Effects of RNase L and Xrn1 knockdown on SvsRNA accumulation. (A and D) RNase L and Xrn1 knockdown in SINV-infected HEK293 cells was verified by Western blotting. Tubulin (Tub) was used as a normalizer. sictrl, control siRNA; siRNaseL, RNase L-specific siRNA; siXrn1, Xrn1-specific siRNA. (B and E) SINV genomic RNA was quantified by RT-qPCR, before and after RNase L or Xrn1 KD. The relative quantification is normalized to GAPDH levels and is represented on a logarithmic scale as a mean of three replicates. (C and F) Northern blot analysis on total RNA from infected HEK293 cells before and after RNase L or Xrn1 KD. U6 was used as a normalizer.

FIG 3

Characterization of 5′ and 3′ extremities of SvsRNA-1. (A) Synthetic oligonucleotides that have 5′ OH or 5′ P ends or total RNA were treated with Terminator exonuclease (+) or not treated with Terminator (−) before being analyzed by Northern blotting. (B) β-elimination on HEK293-SINV total RNA followed by Northern blotting of SvsRNA-1 and miR-16 after migration on 17.5% polyacrylamide gel.
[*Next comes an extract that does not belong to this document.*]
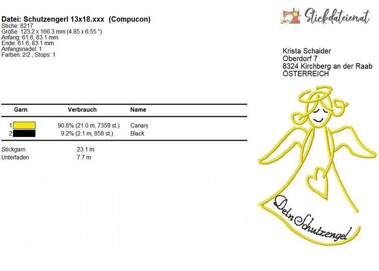Mit hochwertigen Stickgarnen und einer präzisen Stickmaschine kannst du die bestmöglichen Ergebnisse erzielen und deinen Stickprojekten einen Hauch von himmlischer Güte verleihen. Lass deiner Vorstellungskraft freien Lauf und experimentiere mit verschiedenen Farben und Texturen, um das schützende und tröstliche Wesen des Schutzengels zu unterstreichen.

Asterisks denote putative precursors of SvsRNA-1. (C) Synthetic SvsRNA-1 molecules that have 3′ P, 3′ OH, or 3′ OH 2′-O-me ends were treated with calf intestinal phosphatase (CIP) (lanes 2, 4, 6, 8, 10, 12, 14, and 16). Dephosphorylation was followed by β-elimination (lanes 4, 8, 12, and 16). oligo, oligonucleotide; me, methyl; elim, elimination.

FIG 4

SINV genomic RNA is modified. (A) Schematic diagram of the primer design for RTL-P to detect the presence of 2′-O-methylated nucleotides (m) on the viral genome. SvsRNA-1 is indicated in red. (B) Detection of methylation by RTL-P under both high and low dNTP concentrations and PCR cycles on SINV-infected HEK293 cells. The ratio of PCR signal intensity is indicated beneath each lane. (C) Primer extension mapping of 2′-O-methylated nucleotides. Lanes U, G, C, and A represent dideoxy sequencing reactions performed on the in vitro transcript amplified for the same viral region. Asterisks indicate stops of the reverse transcriptase.

FIG 5

Deep sequencing upon periodate oxidation in SINV-infected HEK293 cells. (A) Distribution of viral reads mapping to the SINV genome. The abundance of small RNAs was calculated and plotted as the sum of normalized reads (per 10⁵ viral reads) in each single-nucleotide sliding window along the SINV RNA. The small black arrows indicate the peaks chosen for Northern blot validation. (B) Size distribution of SINV-derived small RNA populations. The percentage of viral sRNAs deriving from the genomic sense strand in each size class is shown as a percentage of the total viral small RNA reads for this strand. Data from SINV-infected HEK293 cell samples treated with NaIO₄ or not treated with NaIO₄ (NT) are shown. (C) Relative nucleotide frequency per position. The viral reads with 0 mismatch to the SINV positive strand were considered for this analysis. Only the last five nucleotides from the 3′ end of each sequence are displayed.